Sec. B-7. Appropriations and allocations. The following appropriations and allocations are made.
TRANSPORTATION, DEPARTMENT OF
Transportation Efficiency Fund N106
Initiative: Establishes the Transportation Efficiency Fund.
OTHER SPECIAL REVENUE FUNDS | 2009-10 | 2010-11 |
All Other
|
$0 | $500 |
OTHER SPECIAL REVENUE FUNDS TOTAL | $0 | $500 |
PART C
Sec. C-1. 2 MRSA §9, sub-§3, ¶C, as amended by PL 2009, c. 372, Pt. H, §2, is further amended to read:
Sec. C-2. 2 MRSA §9, sub-§4 is enacted to read:
Nothing in this subsection alters any of the responsibilities or limits any of the authority of the Department of Administrative and Financial Services, Bureau of General Services pursuant to Title 5. Nothing in this subsection alters or limits the ability of departments or agencies of the State, along with the Bureau of General Services pursuant to Title 5, to generate or cogenerate energy at state facilities for use on site and elsewhere.
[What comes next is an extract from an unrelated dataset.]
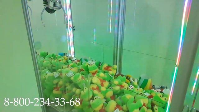 Подробнее: https://robotail.ru/p428611247-hvataj-igry.html За одну оплату дается три игры !!! В аппарате три отсека - для игрушек 10-15 см, брелоков 5-7см, и конфет. Правила В аппарате 3 отсека призов и в каждый отсек есть шанс выиграть. В первой игре - управляя джойстиком надо навезти клешню в малый левый отсек с конфетами и нажать кнопку. В первой игре клешня настроена на 100% захват. (кран ходит только в перед-назад, вдоль отсека). После захвата клешня идет к призовому уголку и раскрывается. Во второй игре, надо схватить игрушку в большом отсеке. Кран работает по программе захвата которая случайным образом достает игрушку. Клешня едет к призовому уголку и раскрывается. После кран направляется в крайний правый угол. В третьей игре, кран настроен на 100% захват, играть можно только в малом правом отсеке. Надо схватить за выделенное время игрушку/брелок и попасть в призовую лузу. (кран ходит только в перед-назад, вдоль отсека) Настройка Время игры: в каждом отсеке - 20,30, 40 секунд. Процент выигрыша: в большом отсеке - 1/10, 1/15 1/20, Стоимость игры: 20, 30, 50, 100 рублей Характеристики: Высота: 180 см. Ширина:100 см. Глубина с тумбочкой: 100 см. Вес: 125 кг. Музыка Наклейки Освещение Каретка-клешня Монетоприемник Три отсека для призов Плата - контроля выручки, расхода игрушек, статистика игр Наполнение: 150 игрушек-большой отсек, 100 брелков-отсек с лузой, 300 конфет - третий отсек Генератор случайных чисел: ДА Сертификат ВНИИМС - НЕТ Теги: развлекательный автомат,детский атракцион,аттракцион поймай игрушку,автомат для парков,автомат для развлекательных центров,автомат для бизнеса,аттракцион хватай-ка,автомат с игрушками

Sec. C-3. 35-A MRSA §3132, sub-§13, as amended by PL 2009, c. 123, §6, is further amended to read:
A person who has bought, leased or otherwise been conveyed any interest in public land for the purpose of constructing a transmission line may not undertake construction of that line except under the terms of the certificate of public convenience and necessity as originally issued for that transmission line by the commission or as modified by order of the Department of Environmental Protection under subsection 7 or under the terms of an amended certificate of public convenience and necessity issued by the commission or deemed to have been issued by the commission under subsection 11-A.
As used in this subsection, "public land" means land that is owned or controlled by the State, by an instrumentality of the State or by a political subdivision of the State.
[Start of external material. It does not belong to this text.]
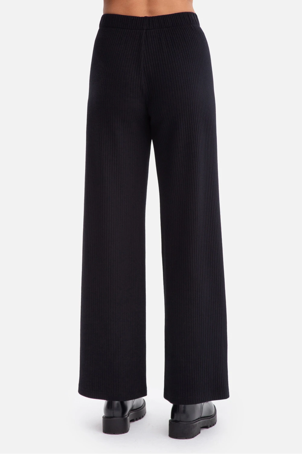 Dámské kalhoty vyrobené z pruhované pleteniny o gramáži 250 g, která je měkká, pružná a příjemná na nošení. Model bez kapes a podšívky s praktickým elastickým páskem v pasu, který zajistí pohodlí a přizpůsobení se postavě. Volný střih, pletené kalhoty jsou přizpůsobené v pasu a bocích a dále volně padají, zajišťují pohodlí a lehkost. Dlouhé, přímé nohavice mírně se rozšiřují směrem dolů, zjemňují siluetu a dodávají celku eleganci. Střední výška pasu zajišťuje, že kalhoty dobře sedí a zdůrazňují pas, a plná délka až na zem jim dodává moderní, prodlužující efekt nohou. Navrženy a vyrobeny v Polsku z pleteniny vyrobené v Lodži, toto spojení pohodlí, kvality a nadčasového stylu.

As used in this subsection, "future interest or option to purchase an interest in land" includes an option, purchase and sale agreement or other equivalent legal instrument that conveys the intent to pursue a future sale, lease or other conveyance of land.
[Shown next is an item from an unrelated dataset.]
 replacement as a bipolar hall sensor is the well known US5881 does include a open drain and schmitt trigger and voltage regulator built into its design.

Sec. C-4. Legislative review; implementation. The joint standing committee of the Legislature having jurisdiction over utilities and energy matters shall review the implementation of this Act during the First Regular Session of the 125th Legislature. Based on its review, the joint standing committee may submit a bill relating to this Act to the First Regular Session of the 125th Legislature.
Sec. C-5. Department of Transportation report. By January 15, 2011, the Department of Transportation shall report to the joint standing committees of the Legislature having jurisdiction over transportation matters and utilities and energy matters regarding current and potential uses of abandoned railroad corridors owned or controlled by the department for energy infrastructure development.